Beginning with the line of the entries below that holds "5XL Pecho 85" and ending with the line that holds "The most striking", transcribe each line exactly as written. Pictures stay out.

RECORDS SHOWN

■ ■ ■ ■ ■ ■ ■

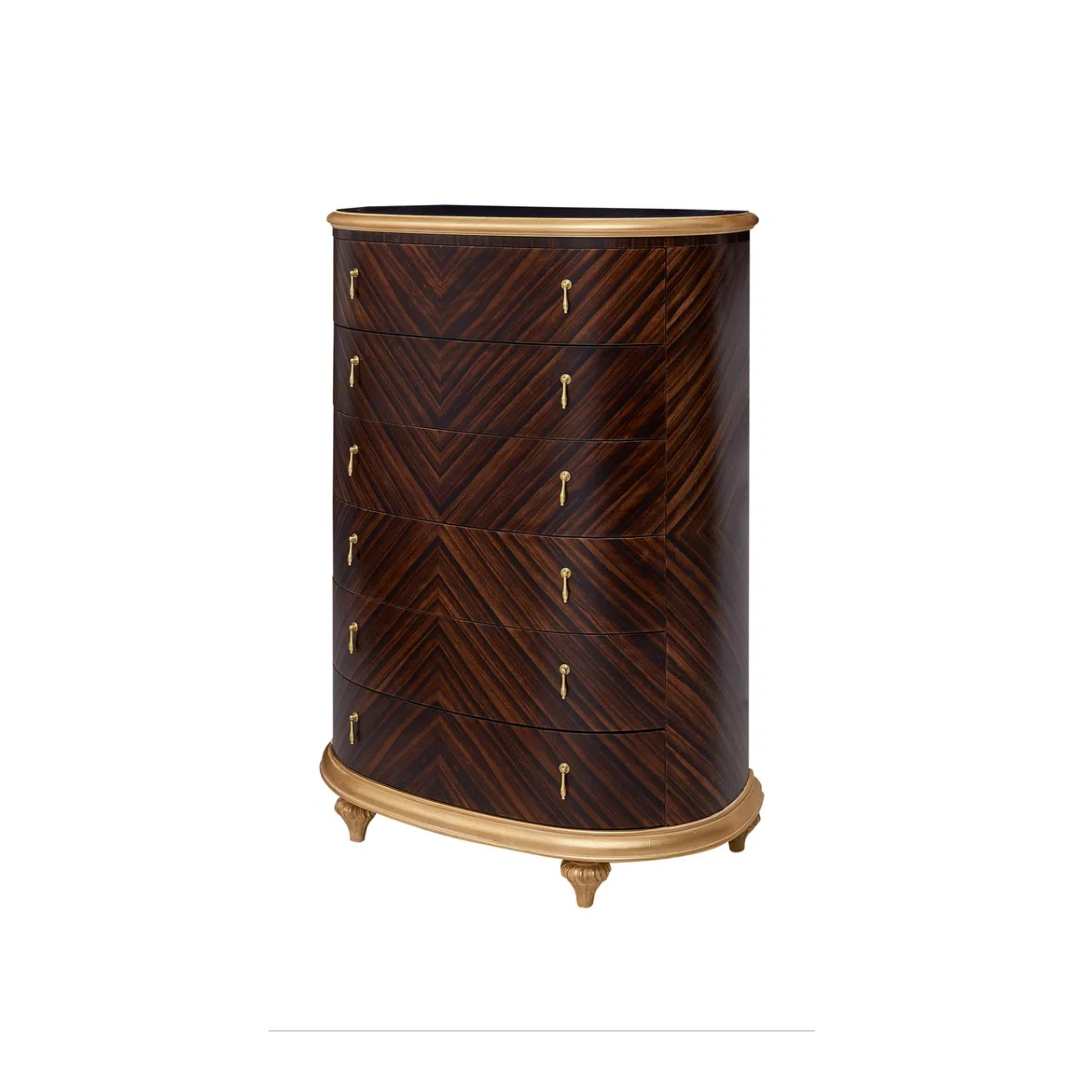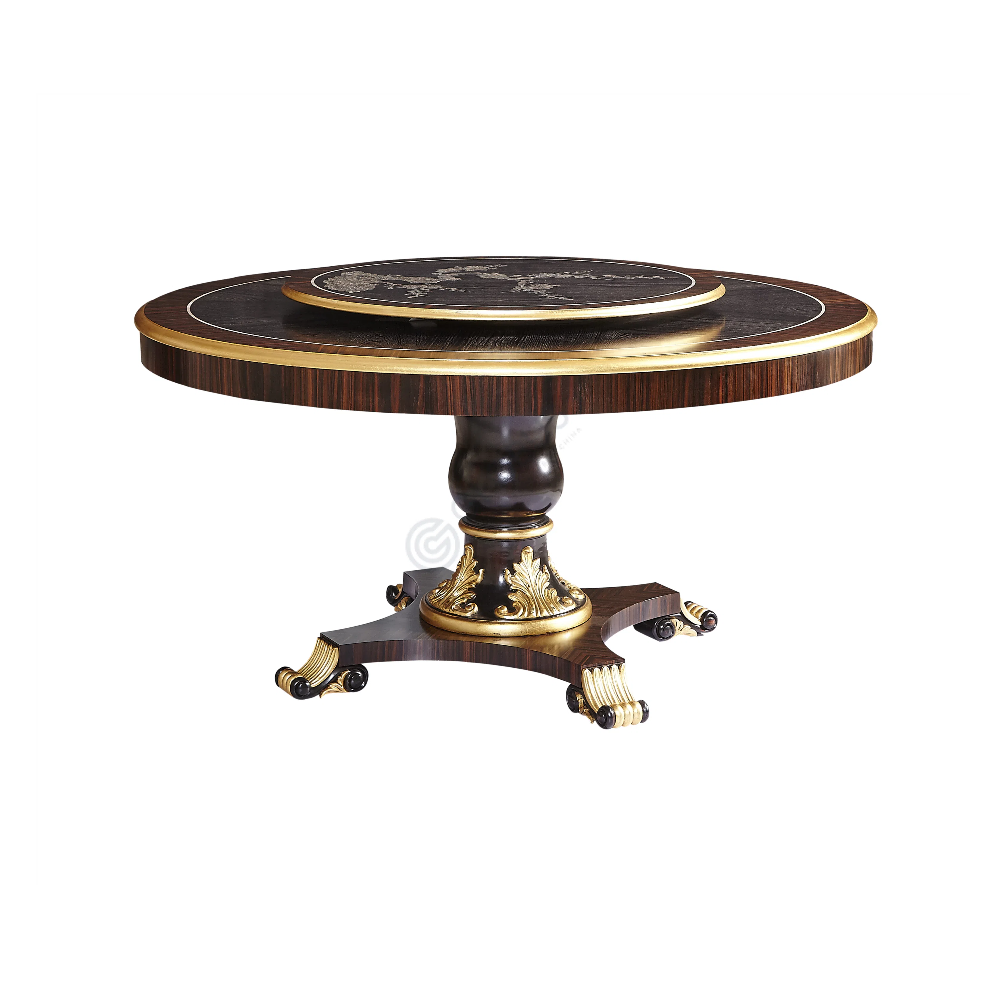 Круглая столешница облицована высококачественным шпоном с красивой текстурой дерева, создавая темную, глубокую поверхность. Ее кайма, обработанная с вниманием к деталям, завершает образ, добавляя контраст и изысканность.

■ ■ ■ ■ ■ ■ ■

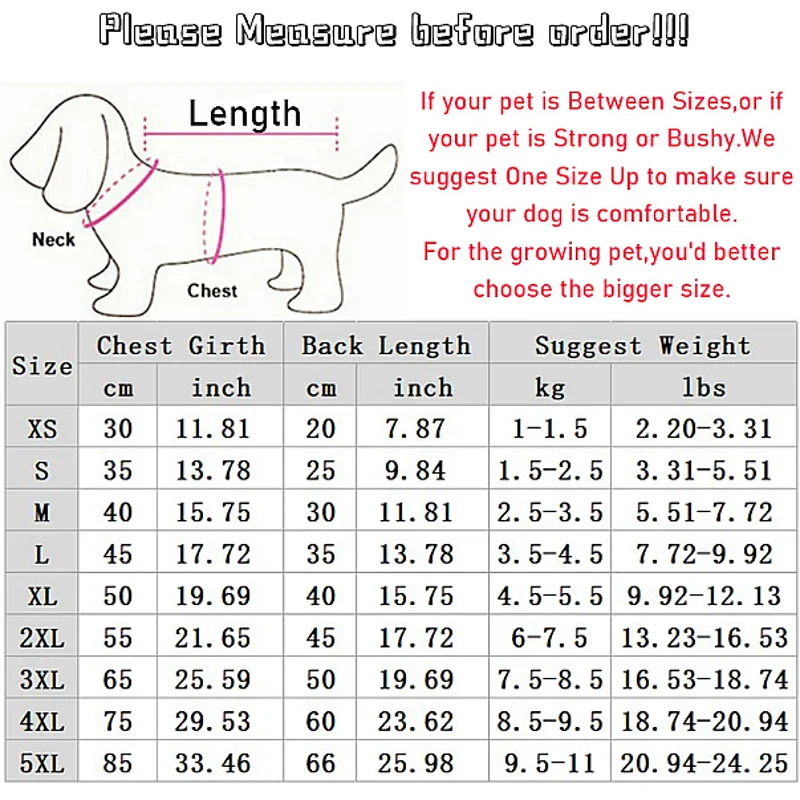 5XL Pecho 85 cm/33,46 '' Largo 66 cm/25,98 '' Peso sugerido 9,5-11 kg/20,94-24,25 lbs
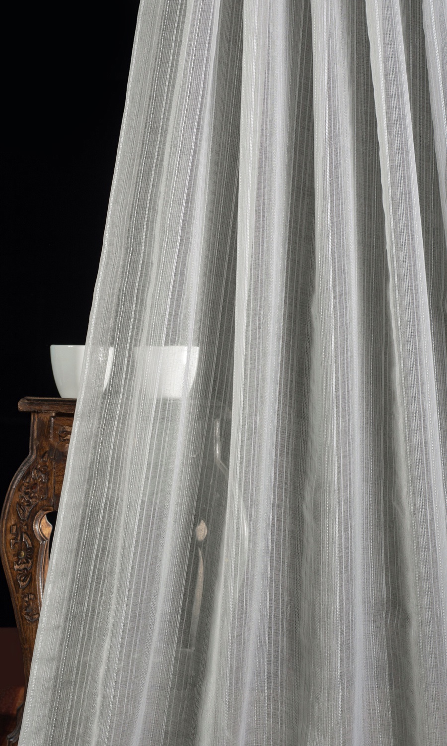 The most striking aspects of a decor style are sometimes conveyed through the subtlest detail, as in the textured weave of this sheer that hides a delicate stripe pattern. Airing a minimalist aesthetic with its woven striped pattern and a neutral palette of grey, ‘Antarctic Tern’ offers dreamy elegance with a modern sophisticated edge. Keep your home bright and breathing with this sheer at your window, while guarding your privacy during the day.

■ ■ ■ ■ ■ ■ ■

RESPONSE TO THIS EXERCISE
 5XL Pecho 85 cm/33,46 '' Largo 66 cm/25,98 '' Peso sugerido 9,5-11 kg/20,94-24,25 lbs
 The most striking aspects of a decor style are sometimes conveyed through the subtlest detail, as in the textured weave of this sheer that hides a delicate stripe pattern. Airing a minimalist aesthetic with its woven striped pattern and a neutral palette of grey, ‘Antarctic Tern’ offers dreamy elegance with a modern sophisticated edge. Keep your home bright and breathing with this sheer at your window, while guarding your privacy during the day.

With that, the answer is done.